Stewart did it all, traversing across the country with the type of passion and emotion we just don’t see from the majority of the NASCAR garage anymore. He never hesitated to speak out; journalists, sometimes repulsed by him sniping at stupid questions, would still come running for a quote when they needed honesty. Even when you’re on the wrong side of Stewart’s gripes, you never lose respect; the kind, charitable side of the man often goes unreported. I don’t think he would have it any other way; giving under the radar but keeping that quiet allows his critics to go straight for the bullseye.[yop_poll id=”27″]
Perhaps at Homestead, Stewart will finally get his due. The Chase overshadows a lot but hopefully isn’t large enough to obscure his final drive.
Did You Notice? … Quick hits before we take off…
- Koda the Cheetah picking a NASCAR champion? Really?? Who thinks this stuff up? Like, who is actually employed and says, in the middle of the day, “You know what will bring our fans back? Finding a random cheetah in the zoo and asking him to pick our series champion!” Amazing.
- Monster Energy is the latest rumor in the search for a company to assume the sport’s title sponsorship in 2017. At this point, it doesn’t matter if it’s them or the Loch Ness Monster — time to get a deal done. There’s been an exodus of sponsorship stage right in recent months (Dollar General, Albertson’s, Farmers Insurance, Thrivent Financial), and NASCAR needs to put its foot down with a public pronouncement that there are still companies out there willing to spend big money to be involved in its sport.
- Brian Scott’s retirement at age 28 opens the door for someone to sneak into a middle-class ride at Richard Petty Motorsports.

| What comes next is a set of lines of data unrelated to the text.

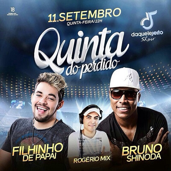 Bruno Shinoda e a banda Filinho de Papai prometem agitar s noite desta quinta-feira (11), na casa de eventos Daquele Jeito.
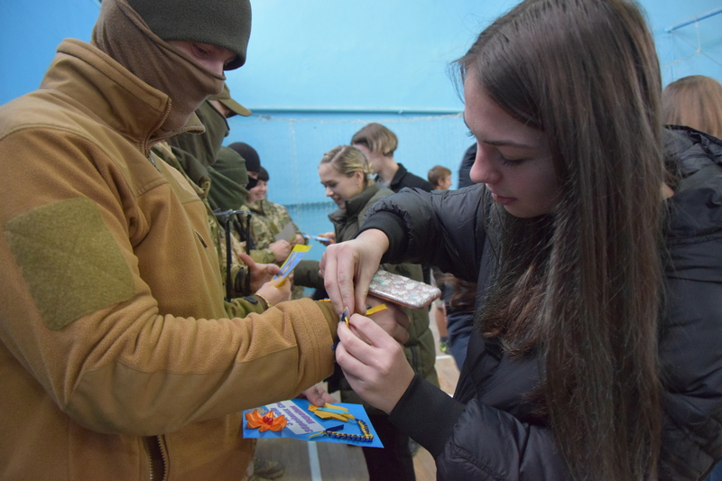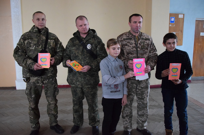 А в Щастинському Палаці культури пройшла акція «Напиши привітальну листівку воїну». Представники ЗСУ та поліції з радістю приймали невеличкі але щири подарунки.
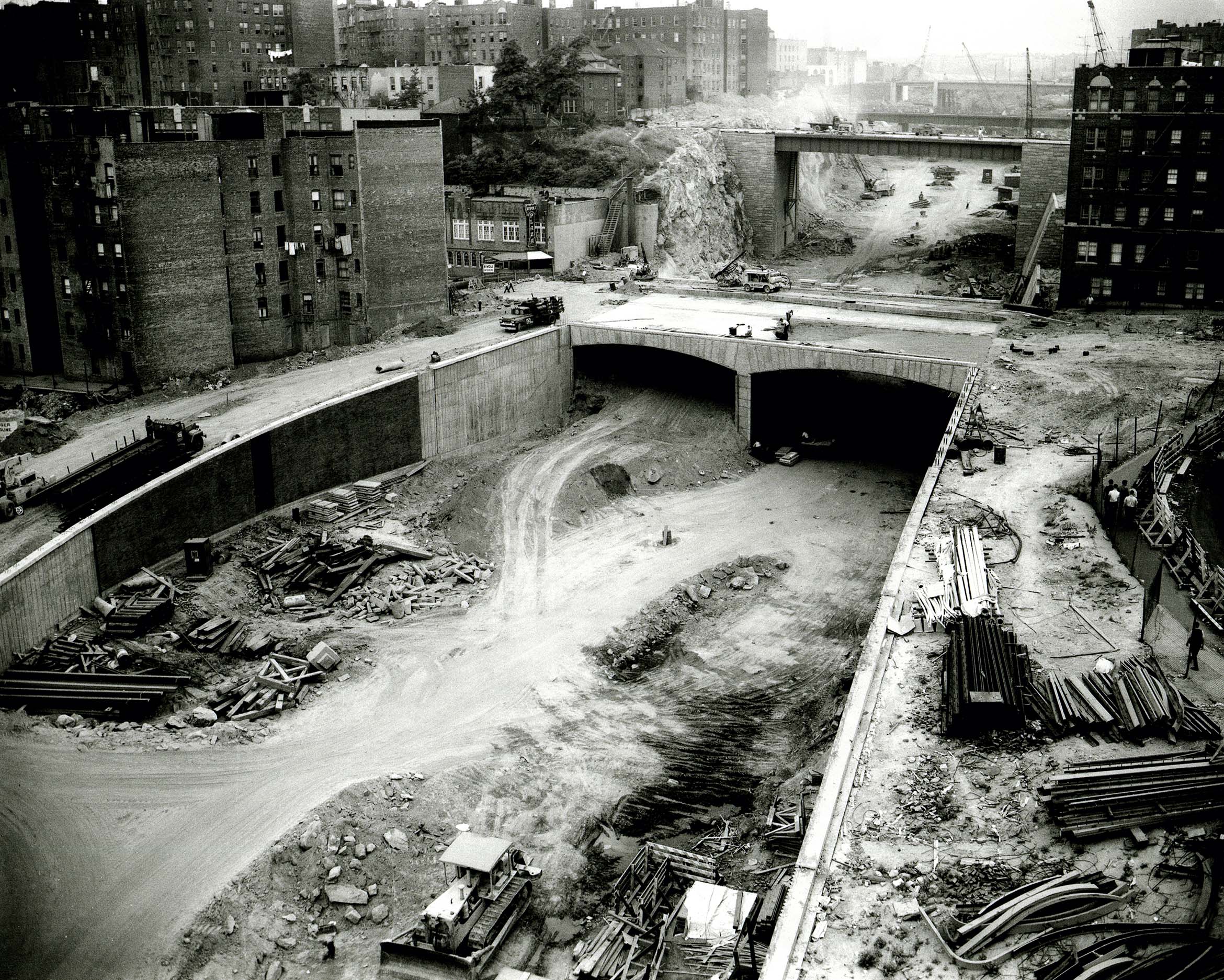 Who built the Cross Bronx Expressway? The infamous road’s best-known origin story is by now a legend. A prototype for US urban interstates and an ur-product of a school of highway planning that cemented inequality, the expressway is the snarling legacy of an evil Robert Moses; Moses, dripping with disdain for the working people of the Bronx, hacked his meat ax through their neighborhoods and sent half the borough into a tailspin. That’s the Robert Caro version, enshrined in his book of outsize influence. But the story is “not so simple,” as Ray Bromley has written, putting the journalistic account in historical perspective and in conversation with the facts on the ground.
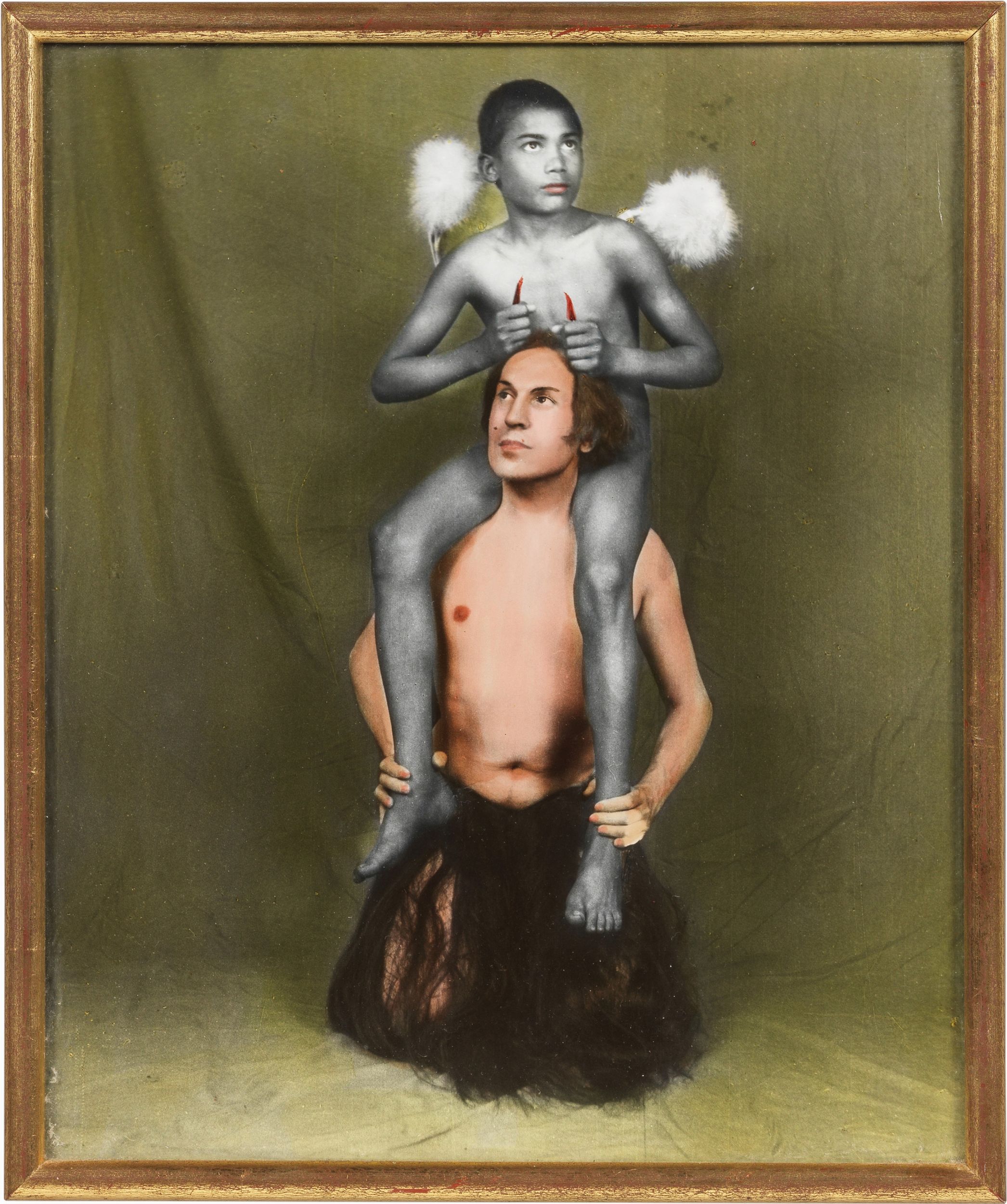 Fotografia acquerellata, cm. 31,5x26,3 Titolo e firma al verso: «FauNixo» / Ontani; dedica su un pannello di supporto: S'erra di Cassa'no / duchetto Paolo / compleanno / in Serraglio / cupidamente / Romamor / Ontani / 25 I 2000.

The bigger problem is who’s in Ford’s development pipeline. Elliott Sadler is too old. Ryan Reed and Darrell Wallace, Jr. are tied to Roush Fenway Racing. Who does that leave as a potential replacement? And who would have the funding needed for the ride? Perhaps RPM will think outside the box? It’s always been aggressive in free agency but has never been able to land that big name.